# Information provided:
- Opening Delimiter -

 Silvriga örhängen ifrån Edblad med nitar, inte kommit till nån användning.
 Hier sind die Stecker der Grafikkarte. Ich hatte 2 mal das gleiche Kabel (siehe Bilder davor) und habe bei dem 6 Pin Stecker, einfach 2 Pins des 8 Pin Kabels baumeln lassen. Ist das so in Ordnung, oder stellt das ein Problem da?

- Closing Delimiter -
- Opening Delimiter -

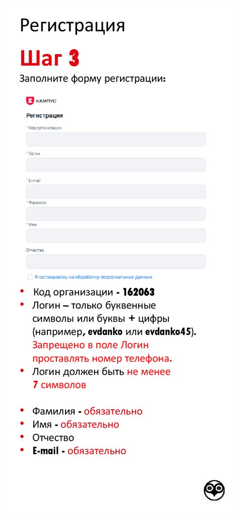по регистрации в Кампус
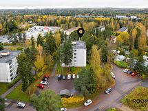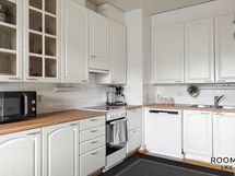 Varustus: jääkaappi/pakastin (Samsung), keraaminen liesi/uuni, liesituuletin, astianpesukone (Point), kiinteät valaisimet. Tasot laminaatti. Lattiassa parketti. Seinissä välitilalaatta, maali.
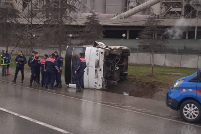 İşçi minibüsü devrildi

- Closing Delimiter -
- Opening Delimiter -

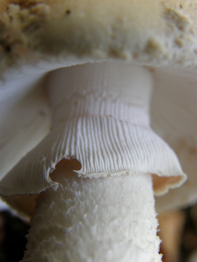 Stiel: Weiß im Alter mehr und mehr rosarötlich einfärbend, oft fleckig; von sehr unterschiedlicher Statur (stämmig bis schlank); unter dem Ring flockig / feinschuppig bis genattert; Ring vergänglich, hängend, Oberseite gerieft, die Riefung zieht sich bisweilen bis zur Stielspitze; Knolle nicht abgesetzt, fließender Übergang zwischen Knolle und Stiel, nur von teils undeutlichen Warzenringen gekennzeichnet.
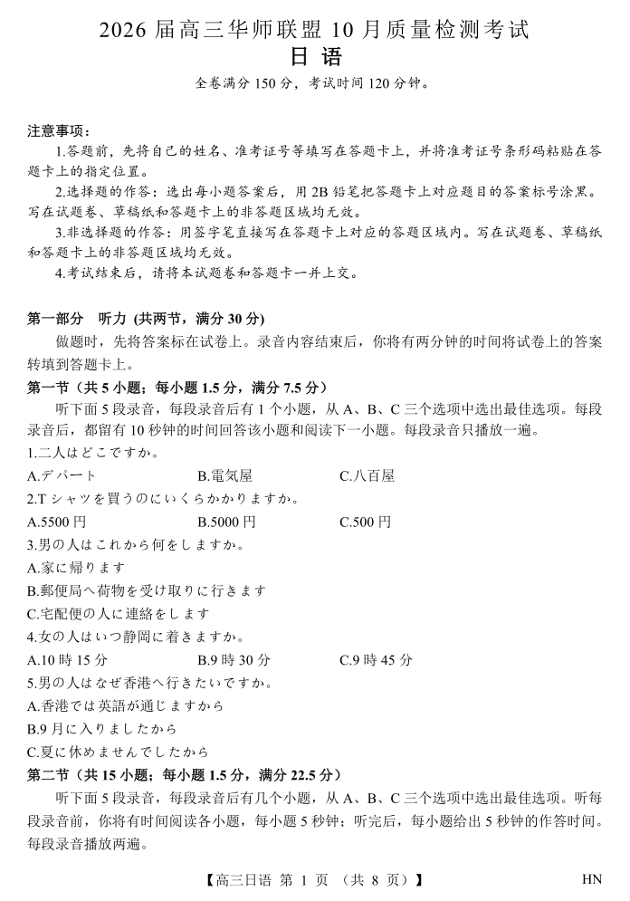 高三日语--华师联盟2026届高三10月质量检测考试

- Closing Delimiter -

# Exercise objective:
Copy the lines above exactly, starting at the one with "по регистрации в Кампус" and ending at the one with "İşçi minibüsü devrildi", both included. Leave out any pictures and add nothing else.

# Answer for this exercise:
по регистрации в Кампус
 Varustus: jääkaappi/pakastin (Samsung), keraaminen liesi/uuni, liesituuletin, astianpesukone (Point), kiinteät valaisimet. Tasot laminaatti. Lattiassa parketti. Seinissä välitilalaatta, maali.
 İşçi minibüsü devrildi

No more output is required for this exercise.